**Information provided**

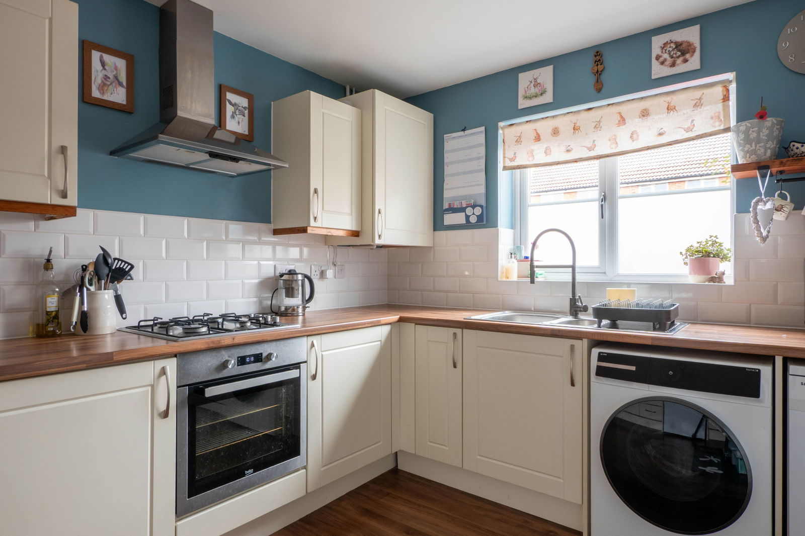 As you enter the property, a spacious hallway gives access to the ground floor accommodation, staircase to the first floor and downstairs WC. To the front aspect is the kitchen which benefits from fully fitted wall and base units, built-in gas hob and electric oven, and space for further freestanding appliances. Overlooking the rear aspect is the sitting/ dining room which gives access to the rear garden. Measuring 16’ 7” x 13” 3’, this reception space gives plenty of room to comfortably fit a freestanding dining table as well as a seating area with access via French doors to the garden.
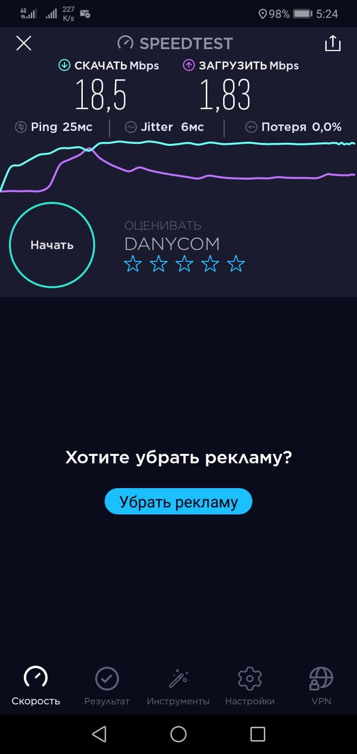 В чипсет Snapdragon 632, на котором работает смартфон, входит модем X9 LTE, который теоретически обеспечивает загрузку данных на скорости до 300 Мбит/с. Однако в спецификациях Honor 8C указываются более низкие параметры: LTE Cat.4 150/50 Мбит/с. В большинстве случаев это не вызывает проблем: даже такую максимальную скорость получить практически невозможно. Поддерживаются все наиболее распространенные на территории России диапазоны частот. В пределах городской черты московского региона аппарат ведет себя уверенно, держит сеть 4G, быстро восстанавливает связь после вынужденного обрыва.
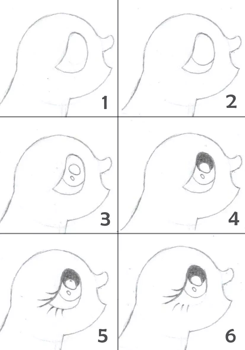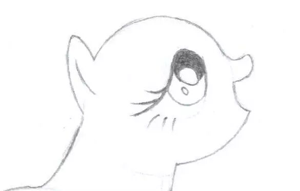 6,现在画柔柔的眼睛。不知道小朋友们观察过没有,柔柔的眼睛别的小马不一样,她的眼皮并没有上扬,而往下的,这表明她真的是一只眼神温柔、善良的小马哦~第一步我们画出柔柔眼睛的大体形状,然后在里面画一个椭圆,在这个椭圆里分别画出一小一大的2个椭圆,在大椭圆的上方画出一个大一点的椭圆并将它涂黑。把柔柔的眼线加粗,也画出6根睫毛,然后将多余的线条擦掉。

**Problem to solve**
Write out every line of the listing exactly as written, and leave the pictures out.

**Answer to the problem**
 As you enter the property, a spacious hallway gives access to the ground floor accommodation, staircase to the first floor and downstairs WC. To the front aspect is the kitchen which benefits from fully fitted wall and base units, built-in gas hob and electric oven, and space for further freestanding appliances. Overlooking the rear aspect is the sitting/ dining room which gives access to the rear garden. Measuring 16’ 7” x 13” 3’, this reception space gives plenty of room to comfortably fit a freestanding dining table as well as a seating area with access via French doors to the garden.
 В чипсет Snapdragon 632, на котором работает смартфон, входит модем X9 LTE, который теоретически обеспечивает загрузку данных на скорости до 300 Мбит/с. Однако в спецификациях Honor 8C указываются более низкие параметры: LTE Cat.4 150/50 Мбит/с. В большинстве случаев это не вызывает проблем: даже такую максимальную скорость получить практически невозможно. Поддерживаются все наиболее распространенные на территории России диапазоны частот. В пределах городской черты московского региона аппарат ведет себя уверенно, держит сеть 4G, быстро восстанавливает связь после вынужденного обрыва.
 6,现在画柔柔的眼睛。不知道小朋友们观察过没有,柔柔的眼睛别的小马不一样,她的眼皮并没有上扬,而往下的,这表明她真的是一只眼神温柔、善良的小马哦~第一步我们画出柔柔眼睛的大体形状,然后在里面画一个椭圆,在这个椭圆里分别画出一小一大的2个椭圆,在大椭圆的上方画出一个大一点的椭圆并将它涂黑。把柔柔的眼线加粗,也画出6根睫毛,然后将多余的线条擦掉。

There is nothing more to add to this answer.